Zika, Data Release, and the Tragedy of the Commons

This does not bode well for public health-related sharing (boldface mine):

When researchers in Brazil posted four Zika virus genome sequences in the online repository GenBank on 26 January, they were complying with a call for scientists to openly release their data during public-health emergencies. By 10 February, the information had been used by Slovenian researchers for their own Zika paper in the New England Journal of Medicine (NEJM) — apparently, a textbook example of the power of rapid, open data-sharing.

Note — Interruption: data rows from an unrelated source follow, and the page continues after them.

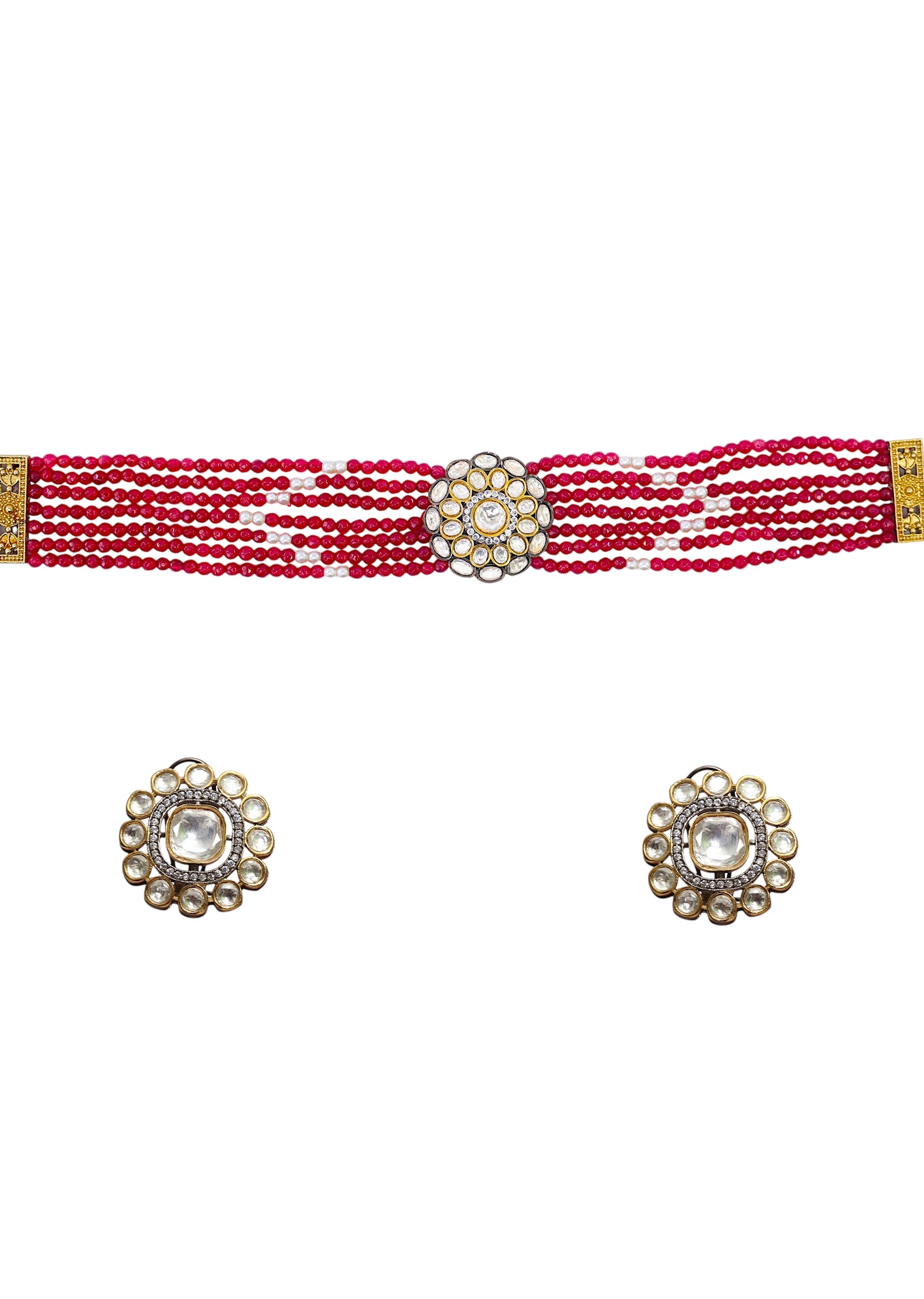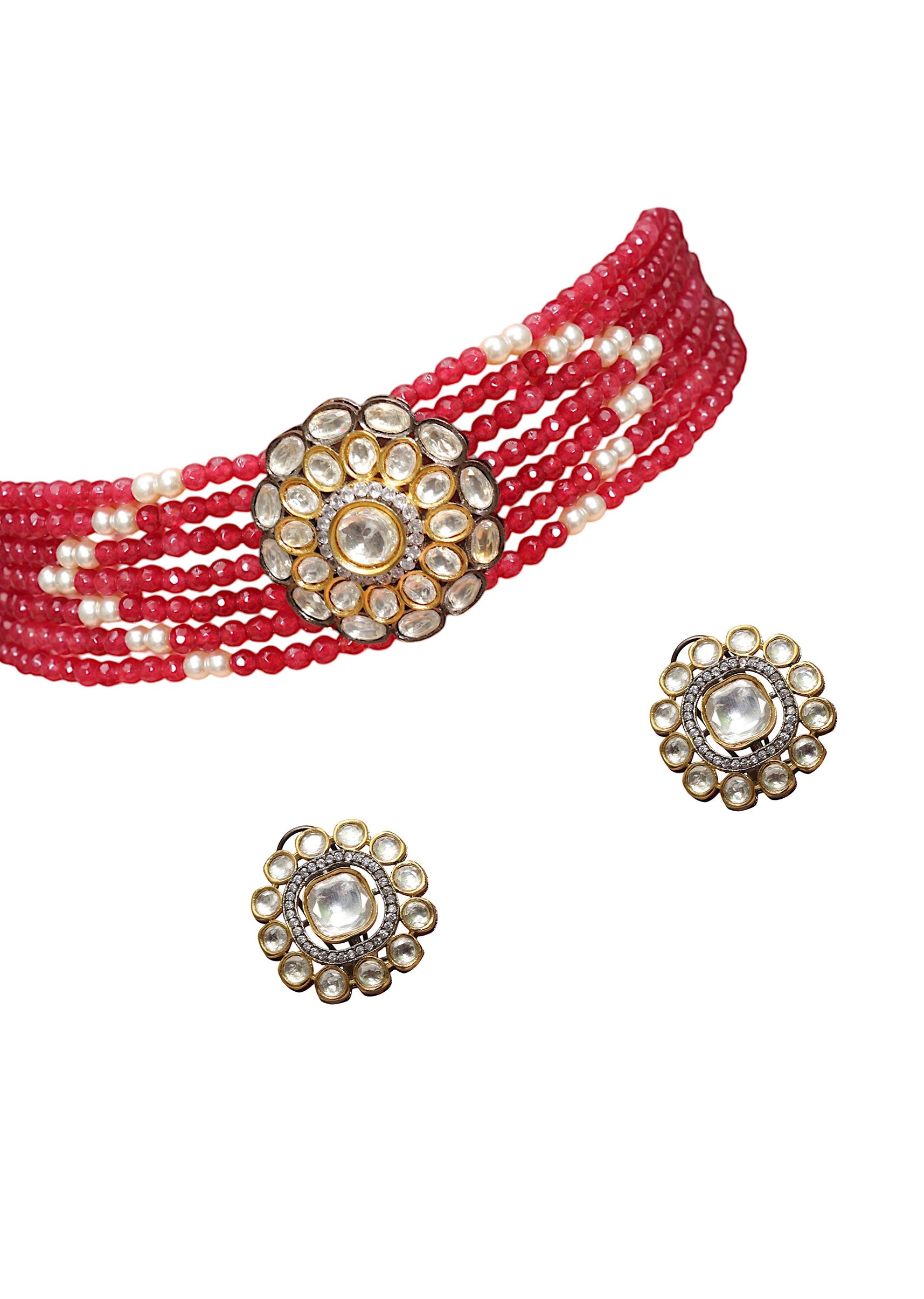 Red Kundan Encrusted Beaded Pendant Necklace Set
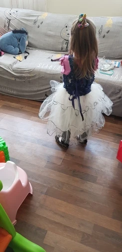 Юбка не такая пышная как на фото, но в целом все отлично. сзади вырез и ленточки, очень мило. Вернётся дочь из сада применим, дополню отзыв. Но мне все нравится.
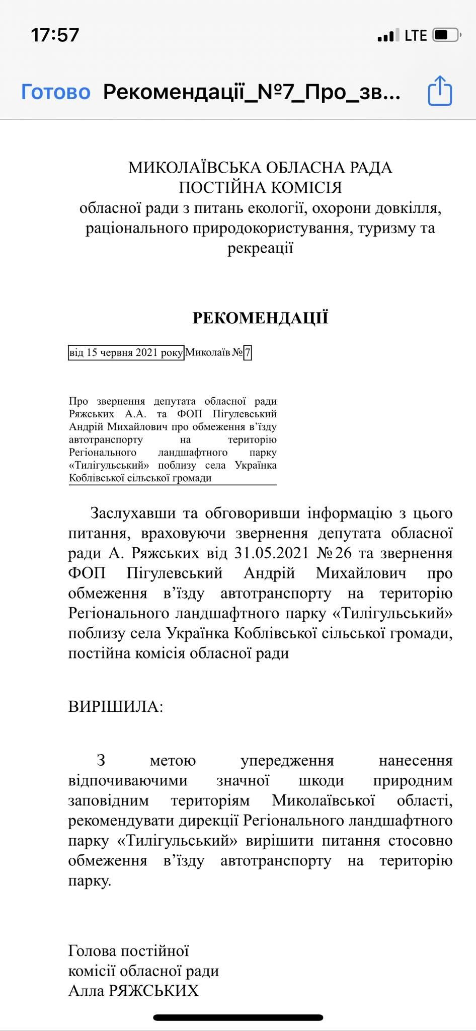 Въезд транспорта на территорию Регионального ландшафтного парка «Тилигульский» ограничили по согласованию профильной комиссии Николаевского областного совета.
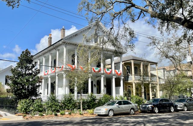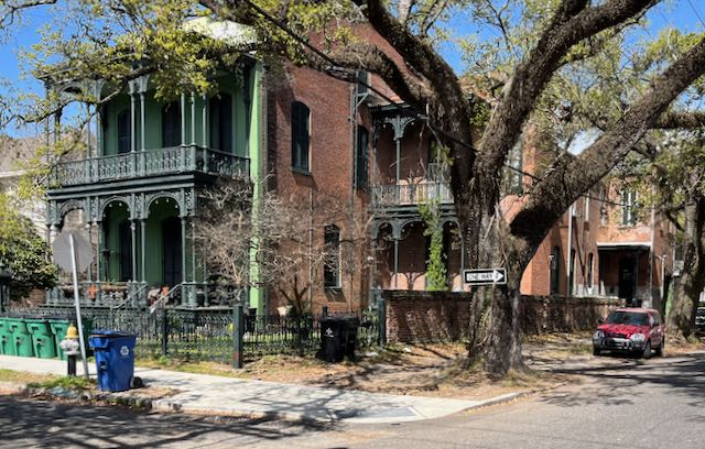 Washington Avenue now heads in a different cultural direction. One block beyond St. Charles Avenue, at the corner of Carondelet and Washington I speculate the real estate value of this lovely antebellum mansion is greatly reduced because it is on the “wrong” side of St. Charles Avenue.
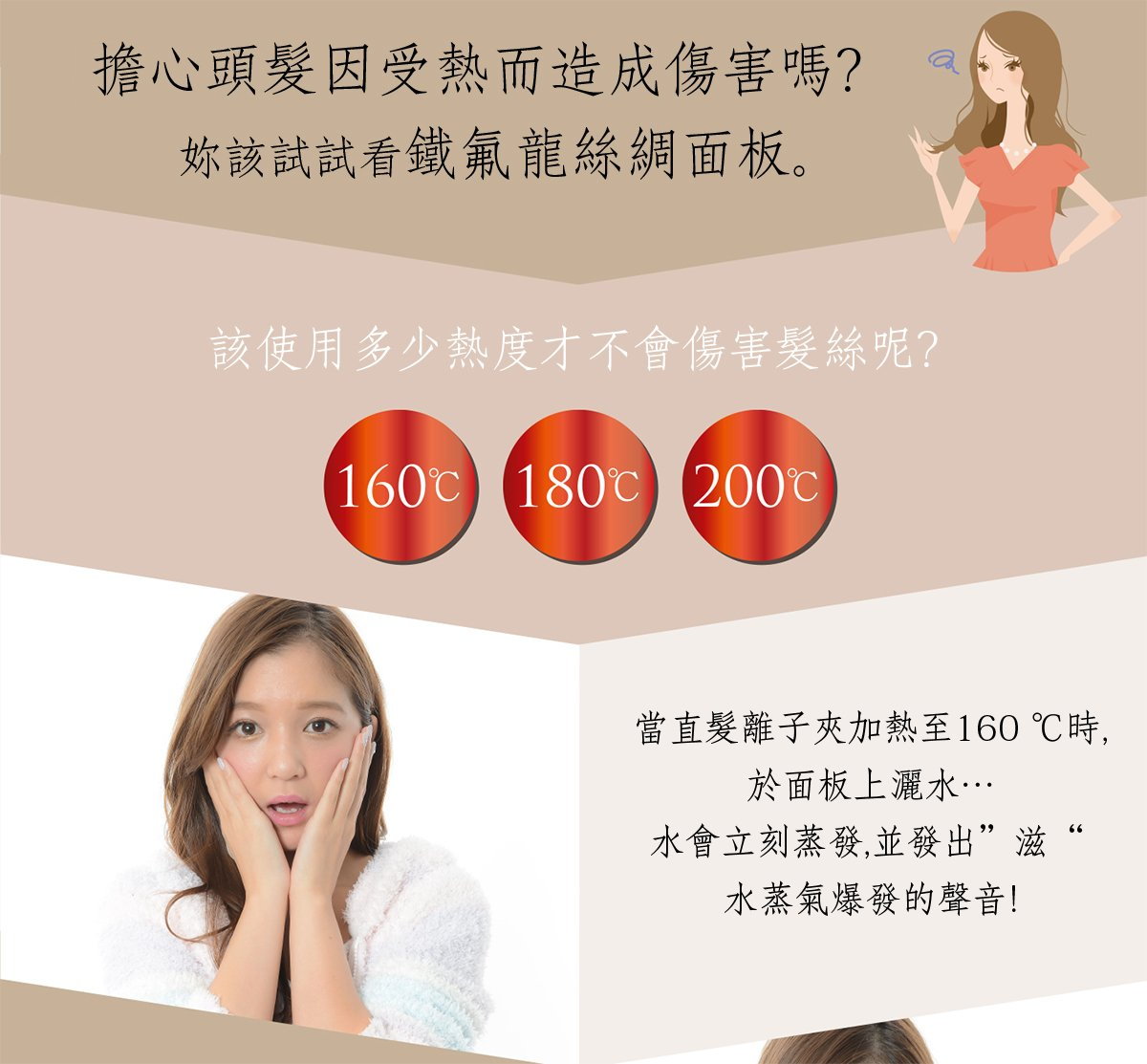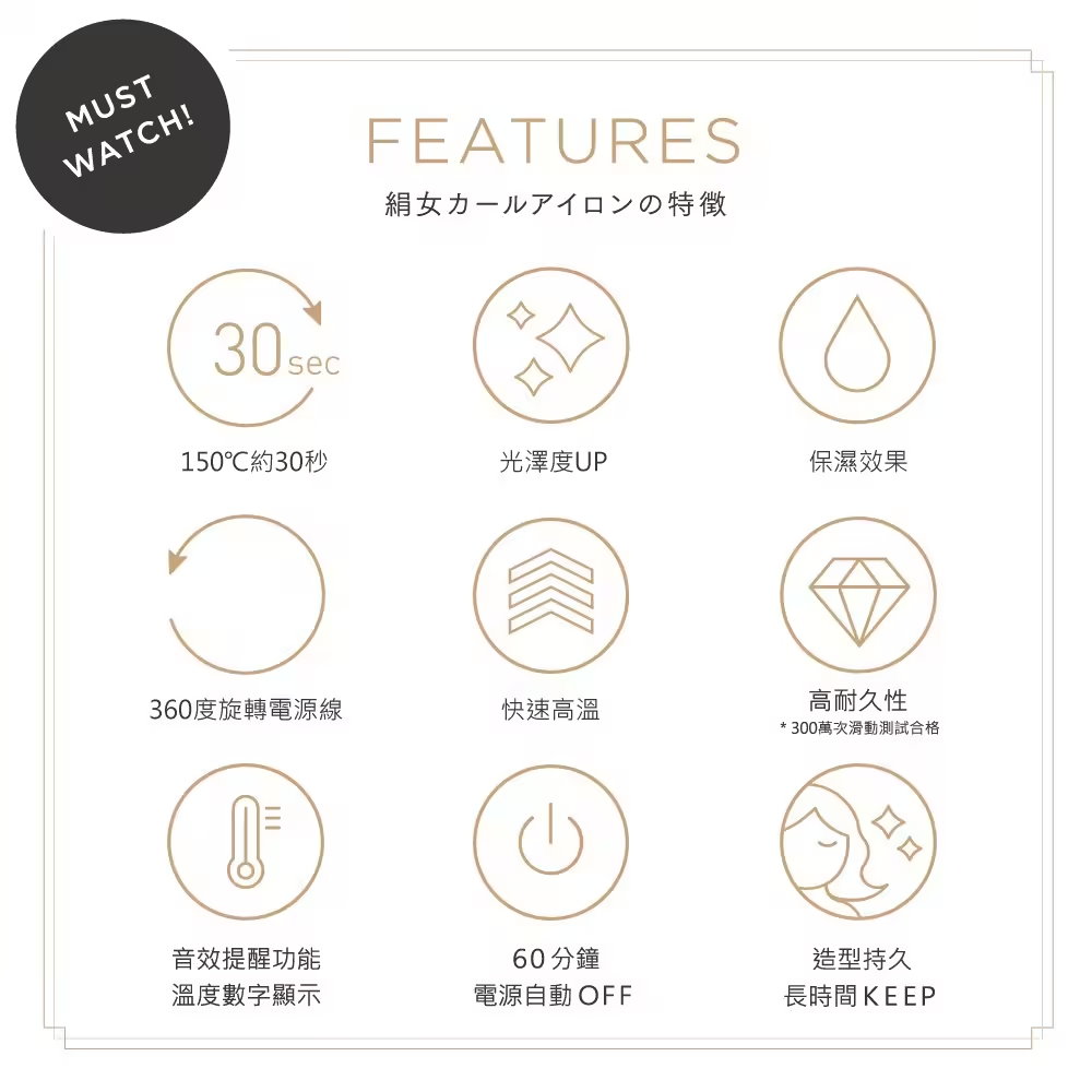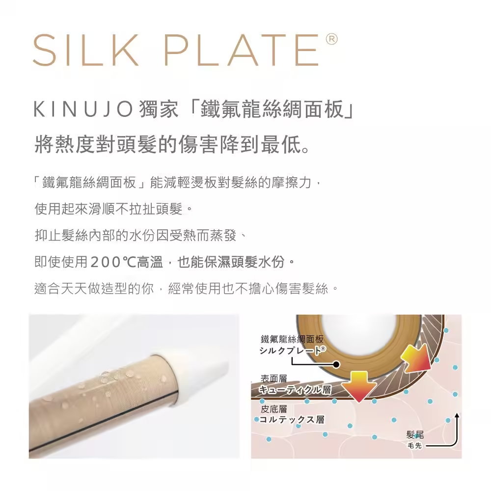 ★獨有專利「鐵氟龍絲綢面板」 即使在溫度高達200 ℃的燙板上撒水,水珠也不會蒸發!擁有超強保濕力、明顯提升頭髮光澤!

But the process didn’t go entirely smoothly. Oliver Pybus, an evolutionary and infectious-disease biologist at the University of Oxford, UK, who works with the Brazilian group, has complained that the NEJM paper did not adequately credit the original data-providers when it only included the GenBank accession number for the data. And Pybus says that he is concerned that this lack of formal recognition could dissuade others from rapidly sharing data during an outbreak.

“The very first big Zika virus paper in the New England Journal of Medicine has just created exactly the opposite incentive for groups in Brazil that we want to create. We want them to feel confident they can put their data immediately online without any possible disadvantage to them,” Pybus says. The authors of the NEJM paper waited to release their own data until their paper was published, he notes.

The obvious solution would have been to contact the authors and make them middle authors on the paper–if their data were critical to the analysis (and selecting the proper isolates for analysis is experimental design), then they should be co-authors.

(Aside for the non-scientists: Publications are not only used for determining tenure, but also–and arguably more importantly–as proof of productivity for grants. Without funding, your career can crater–usually, science isn’t cheap. ‘Scooping’ someone can have real professional consequences. That’s why this post is hopelessly naive).

Admittedly, I’m old enough to remember the Ft. Lauderdale Agreement, but Pybus is absolutely correct: if people are afraid of being scooped, then they won’t make their data public. At some point, microbiological public health cease to be current, and become ‘stale’. That doesn’t mean those data aren’t useful for other purposes, but for public health intervention purposes, they aren’t very helpful (other than for ‘reconstructing the apocalypse’).

This isn’t just Zika virus either. There was an mcr-1/colistin resistance* paper in The Lancet where the authors didn’t appear to contact the sequence depositors (who had deposited the genome a couple of months earlier). Would it have killed them to offer a middle-authorship to the genome producers?**

I’m also not surprised this happened in NEJM or by NEJM’s statement that the scientists should resolve this issue–NEJM has always been a step behind on how to handle genomic data, nor, in the past anyway, has it really understood ‘genomics culture.’

One partial solution is journals like Genome Announcements, which, well, announce that you’ve produced a genome (or genomes), which can then be cited. While that solves part of the problem, these aren’t high-profile ‘glamour pubz’***. Also, it still takes a short while to get even these articles written and published, and, when weeks or days matter, this isn’t the same as immediate release.

I wish I could say something like “Researchers will have to behave better”, but enough of them won’t which could turn this into a tragedy of the commons problem. I wish I could have confidence in journals and reviewers to police this–and some do–but, as I noted, not all journals ‘are aware of all genomics traditions’ (to use a phrase). I’m also not sure if funders will police this (though some would be willing to try).

I don’t want to call this a potential crisis, but it’s definitely a problem.

*Colistin is the last line antibiotic against certain bacterial infections. Tracking its spread, its sources, and so on is obviously important.

**It’s all the more ridiculous since I described this on my fucking blog a couple of weeks before the paper.

***Depending on the importance of data produced, arguably journals like this should be seen as higher-profile than they are.

  1. Hello Mike (whoever you may be), Oliver Pybus here. Thanks for the post. Unfortunately, the Nature News article highlighted the issue I was less concerned about, specifically credit/citation of publicly available genomes on GenBank. I’ve emailed with the NEJM authors we’ve resolved that issue between us.

    Much more important are the incentives on individual researchers to share or hoard data that may be of immediate relevance during a public health emergency. I believe the journals have a responsibility to encourage best practise. The more powerful the journal is, the more responsibility they should shoulder. All that NEJM (and more recently, Lancet ID) need to do is ask authors to release sequences on GenBank at submission, not after acceptance or publication. That would immediately incentivise all groups to do likewise. Instead, the most powerful journals have in effect said, go ahead, use others’ data, don’t reciprocate and share your own, we’ll still publish your work. How can this possibly support “data sharing”?